Processes in the Charge and Hearth Zones of Furnace Working Spaces and Problems in Controlling the Batch Dosing Mode during the Smelting of Industrial Silicon and High-Silicon Ferroalloys

This study describes the conversion processes of charge materials and the chemical processes in the charge and hearth zones of furnaces that smelt industrial silicon and high-silicon ferroalloys. The primary factor that determines the efficiency of the charge mode and the technological process is the coefficient of excess carbon in the furnace bath. The fluctuations in the effective capacity of the furnace; its distribution over the zones of the arc, charge, and melt; and the active resistances of these zones are caused by the regular deviations of this coefficient from unity. Such deviations are induced by uncontrolled changes in the humidity of the reducing agents.

Carbon deficiency and excess modes affect the state of charge and melt zones and the distribution of electric energy on the arc discharge power.
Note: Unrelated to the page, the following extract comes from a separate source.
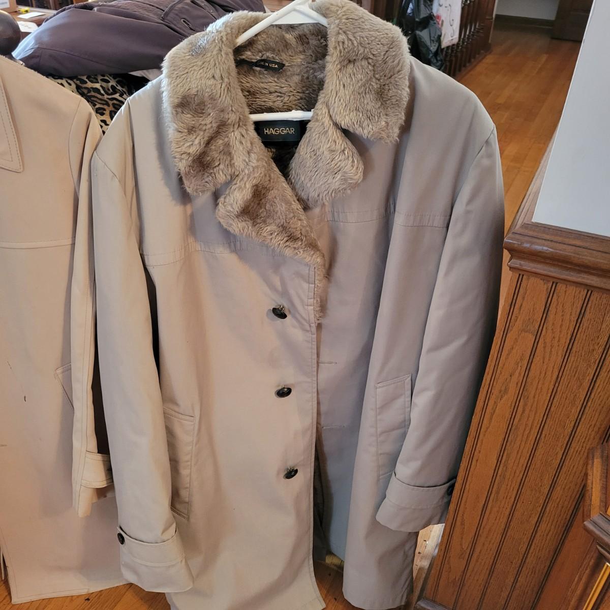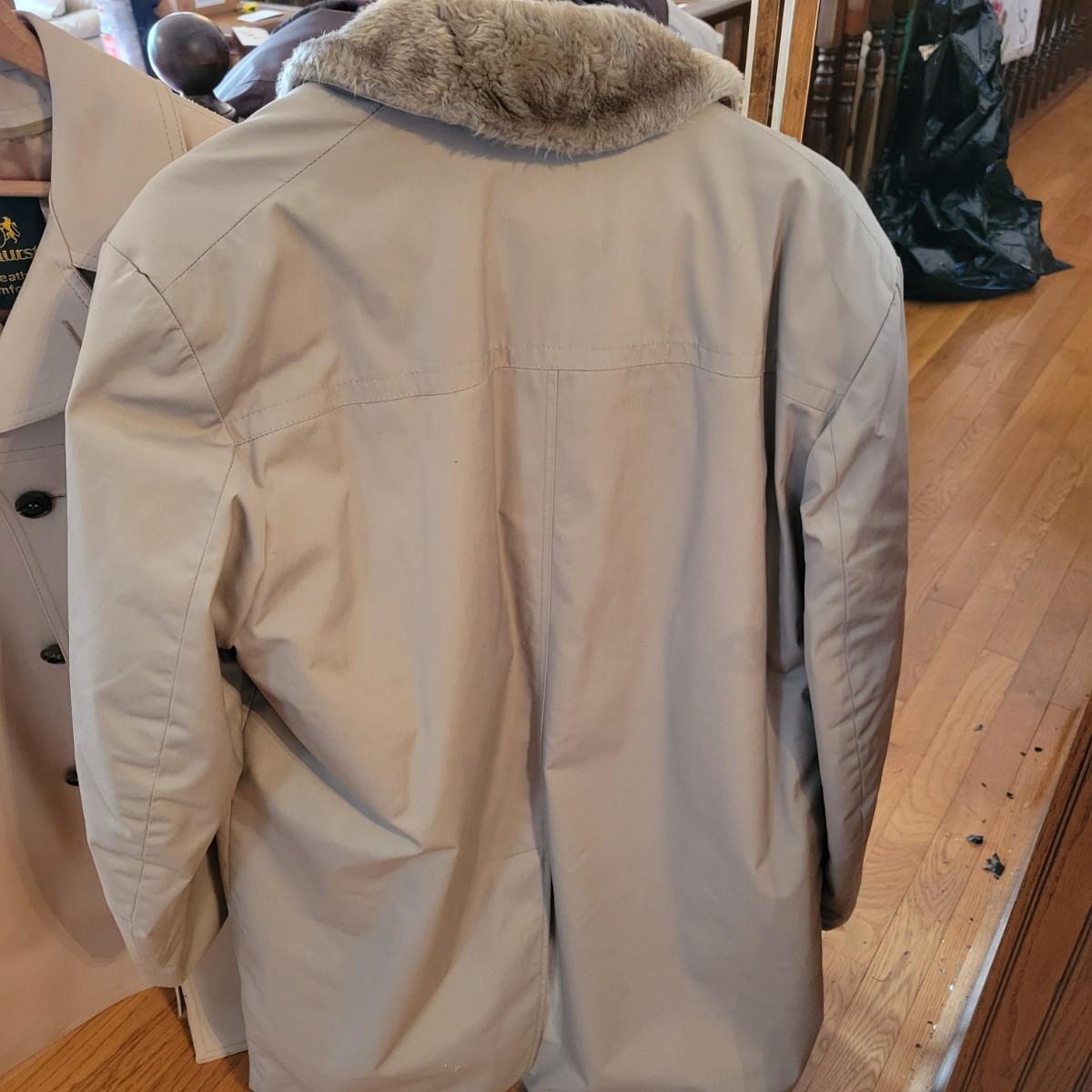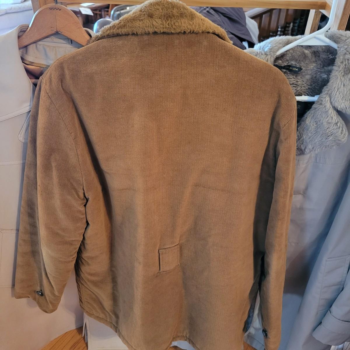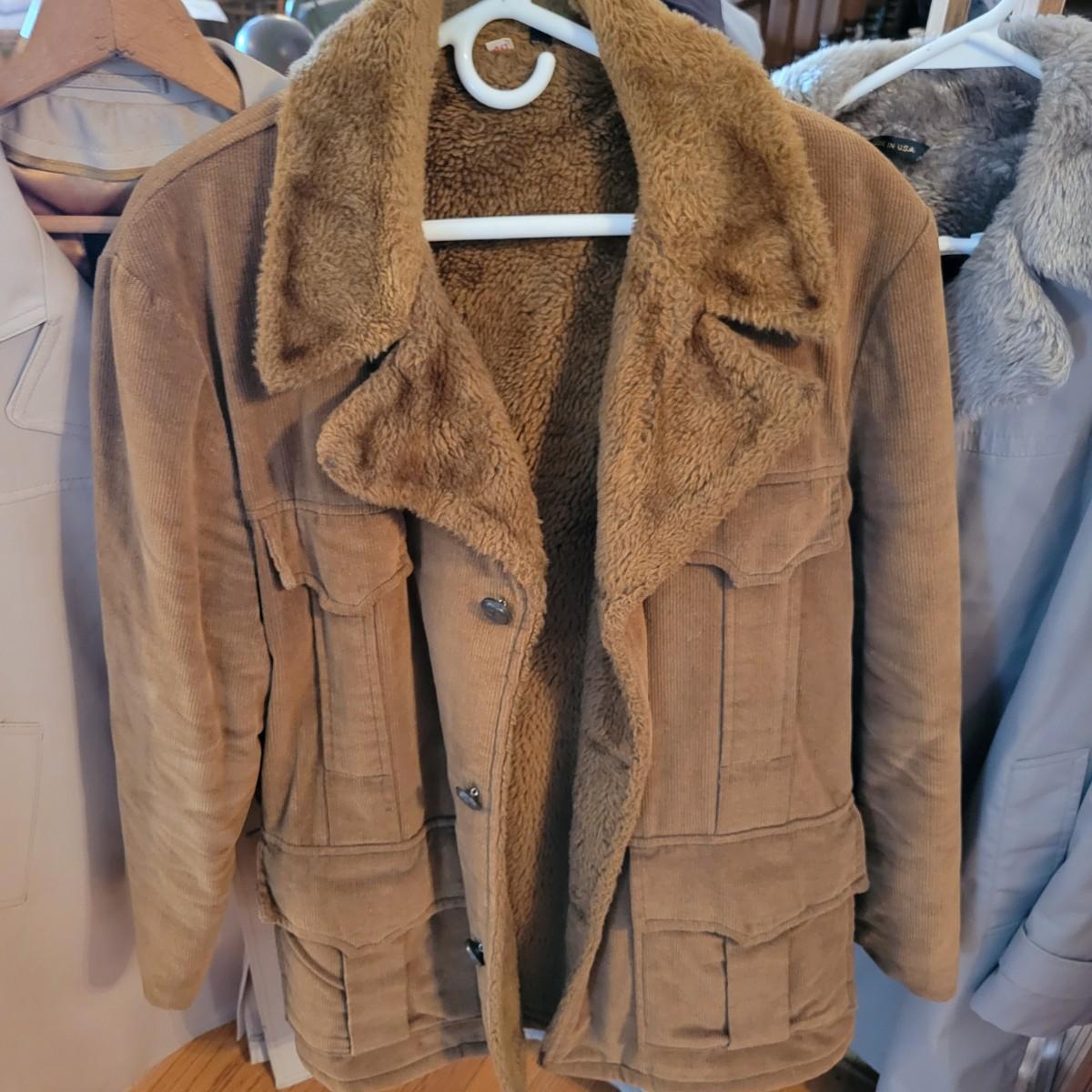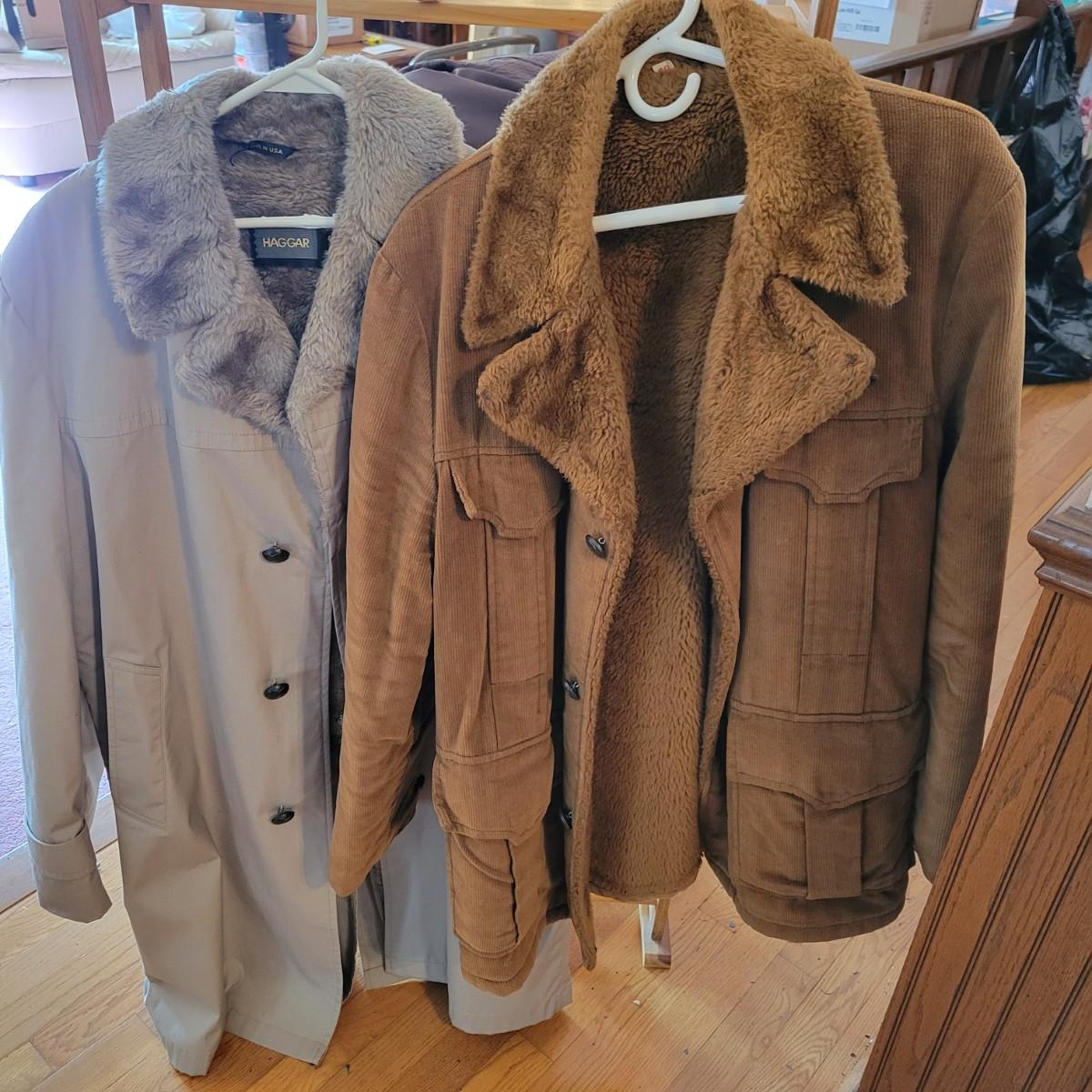 A pair of vintage men's coats. Lot includes a corduroy coat with a heavy fleece interior and collar. Also includes a rain jacket with a fleece collar and interior. Both are sz40. Local pickup only

Transient processes that occur when the composition of the charge on the dosing unit is changed, as well as the direct supply of the reducing agent to the furnace mouth and reflecting changes in the charge zone conductivity, are studied. Results reveal that transient processes are accompanied by high material and energy losses and their duration, depending on the volume of the bath and the effective capacity of the furnace, can exceed 4 h.

On the basis of the analysis of the changes in charge conductivity and arc power, the negative consequences of the layer-by-layer charge loading method adopted for smelting industrial silicon are presented; these consequences are based on the alternation of charge supply, with an excess and shortage of the reducing agent. In the absence of reliable methods for the continuous monitoring of the moisture content of reducing agents in the charge stream, the coefficient of carbon excess must be evaluated by changing the resistance of the melt zone, which reflects changes in the size of the carbide layer that is formed due to the imbalance of silicon carbide and silicon monoxide. Such evaluation can determine the degree of imbalance of the reducing agent in the mixture and apply the currently required control effect on the composition of the charging material in a timely manner.